Yazmina shrugged in reply.
“You see over there, Sunny jan?” Layla pointed toward a trendy, glass-fronted café. “That is the café where I go now. You will love it. It’s where all my friends meet. We have some very interesting conversations with men, women, everyone saying what they think.”

“Really? That would never have happened when I was here.”

“And maybe it should not be happening right now,” Ahmet said.

Laalaa, big brother, you worry too much. You yourself have always talked about the importance of discourse, the voicing of opinions. That is all we are doing there.”

I know that. But perhaps there are others who don’t look at it that way. I just want you to be safe. You know what I always tell you—you can never trust anybody but your family.”
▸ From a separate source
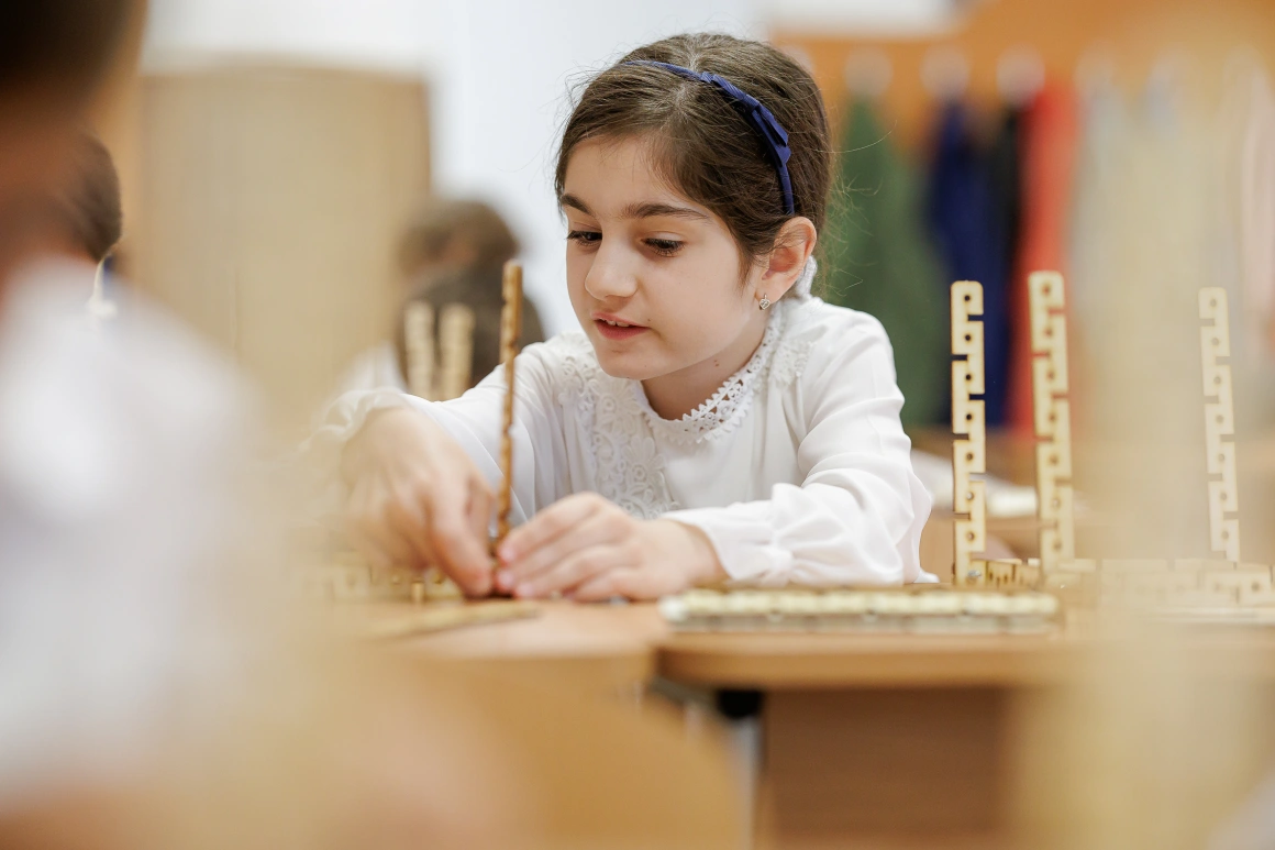 O fetiță cu două clame roz neon și puf de aceeași culoare se uită mândră la fundația și la stâlpii pe care tocmai i-a construit. „Este foarte bine”, o încurajează învățătoarea Diana.

“I am always careful,” Layla replied. “I have eyes in the back of my head like Hala, and ears as big as that ridiculous elephant behind me.”

Najama giggled.

Sunny could not believe what a formidable young woman Layla had grown into. Well, actually, she could. When Layla had first arrived in the States as a sixteen-year-old with a one-year student visa, she had clung fiercely to her traditions. She’d stayed at Sunny’s place, on Twimbly Island off the coast of Washington, where things had started out rough. There Layla was a fish way out of water. But when the year was up, she’d returned to Kabul a changed person. Not that she’d given up an ounce of her identity—she’d simply expanded it with a mind that embraced new thoughts and a voice unafraid to question everything.
It wasn’t long before they entered the Qala-e-Fathullah district, where the old coffee shop sat. “They paved the roads!”
Everyone nodded. Jack had had a point when he’d insisted, some sixteen years ago already, that it was time to give Afghanistan back to the Afghans. The progress that had been made, against so many odds, was undeniable.
But just around the next corner Sunny was met with a harsh dose of reality that made the hair on her arms stand on end, despite the sweltering heat. Shahr-e Naw Park, with its tall, old pine trees and patchy lawn, had in her time been a place for locals to gather for games of chess and carrom, and, sadly, to buy and sell drugs—especially after dark. Back then it was mainly men who wandered the park’s walkways or stretched
out on the scrappy ground, but what Sunny saw now was what appeared to be a new population. Dozens of burqa-clad women were balancing babies on their hips and shepherding little ones around makeshift shelters strung between the trees and pop-up tents that rose from the ground like big neon mushrooms.
“What the hell is going on there?” she asked. “Who are they?”
“Refugees,” Yazmina replied softly. “From the provinces in the north—Takhar, Kunduz, Badakhshan. Many have run from homes that have been taken or burned to the ground by the Taliban. Their towns and villages have been destroyed, their men killed. Some have been sent by their husbands and fathers, who have stayed behind to protect their homes. They have nowhere to go, and their numbers are growing by the day.”
Ahmet had slowed, as if in respect for these women and their children. Once again the car grew quiet.
“Stupid Talib idiots,” Halajan muttered as they made the next turn. Here, the street was as full of pedestrians as ever, the chokidors at their posts dressed in black with their weapons slung across their puffed-out chests, as if they’d been standing guard ever since Sunny left.

And there it was. The turquoise gate, that crazy wall. The little coffee shop of Kabul. Sunny was home.